Наконец, третья метафора (в дополнение к бандам и племенам) – метафора церемониала. Это разработка Михаила Соколова из Санкт-Петербурга – еще одного яркого социолога науки. Наука, говорит он, - это своего рода этикет, церемониальная цепь взаимодействия. Все, что вписывается в эту церемониальную модель (т.е. совершается по правилам этикета), является наукой, а то, что не вписывается, – ею не является. Но тут я рискую исказить аргумент, услышанный в его устном докладе, поэтому подождем большой статьи на эту тему и уже тогда разберем метафорику церемониала более подробно.

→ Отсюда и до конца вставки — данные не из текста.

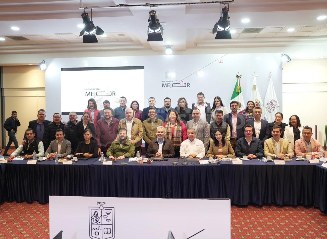 En la reunión también participaron los secretarios de Gobierno, Raúl Zepeda Villaseñor; de Finanzas y Administración, Luis Navarro García; y la titular de Educación, Gabriela Molina, quienes expusieron los alcances, objetivos y estrategias del Plan Michoacán..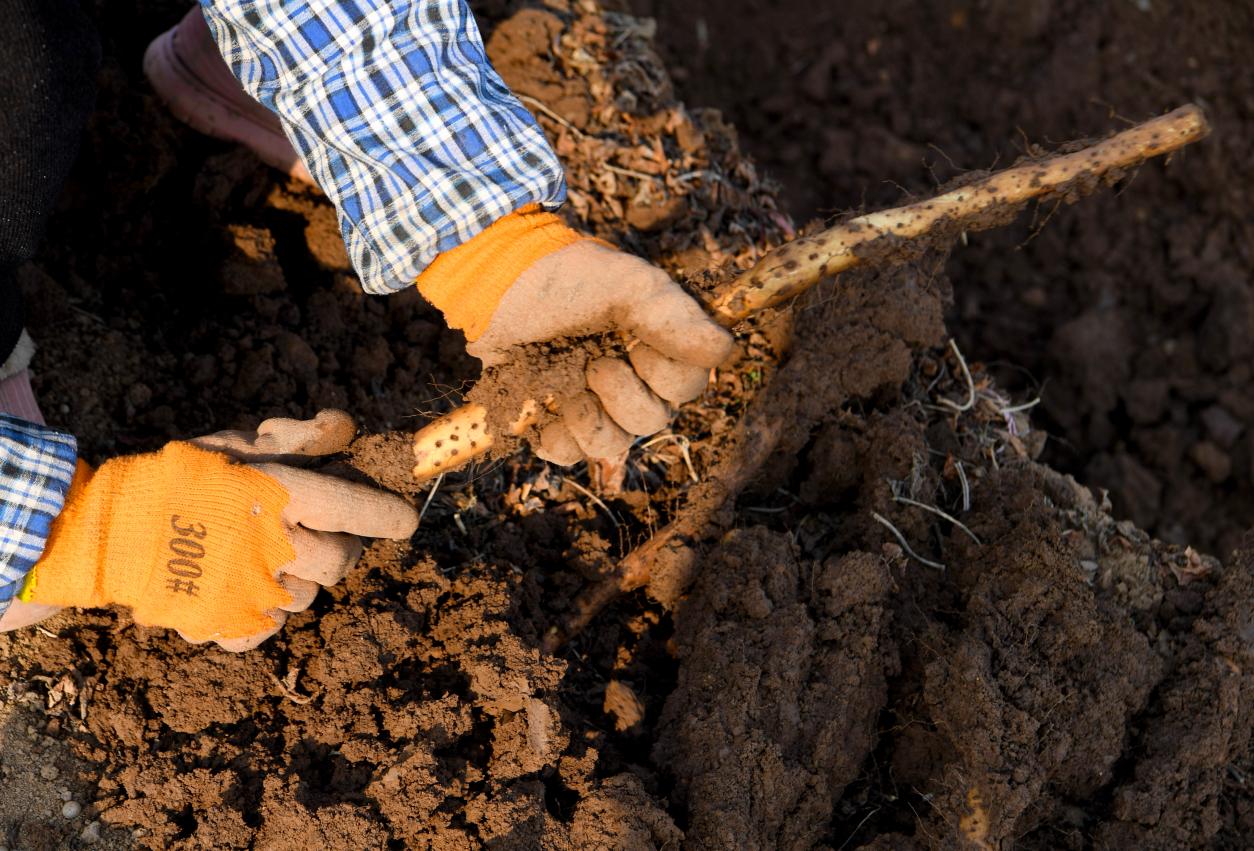河南省焦作市温县祥云镇关肇村农民在田间收获铁棍山药。新华社记者郝源 摄

Конечно, есть еще два десятка метафор «политических» – наука в них представлена разновидностью политического противоборства. Но их я оставлю за скобками по соображениям вкуса и из недостатка времени: даже краткий их обзор отнял бы у нас остаток вечера. (По тем же причинам я не стану говорить о метафорах экономических – для этого есть специально обученные люди.)

Мой тезис таков: социологизм, примененный к себе самому, подрывает свои собственные основания.  Когда мы фокусируемся на социальных формах производства, конструирования и распространения знания, само знание оказывается за скобками. В этот момент нам совершенно нечего сказать о том, например, что же в работах Дюркгейма способствовало или препятствовало его классикализации. Мы говорим о том, какую позицию он занял в политическом споре и через это указание объясняем его классичность.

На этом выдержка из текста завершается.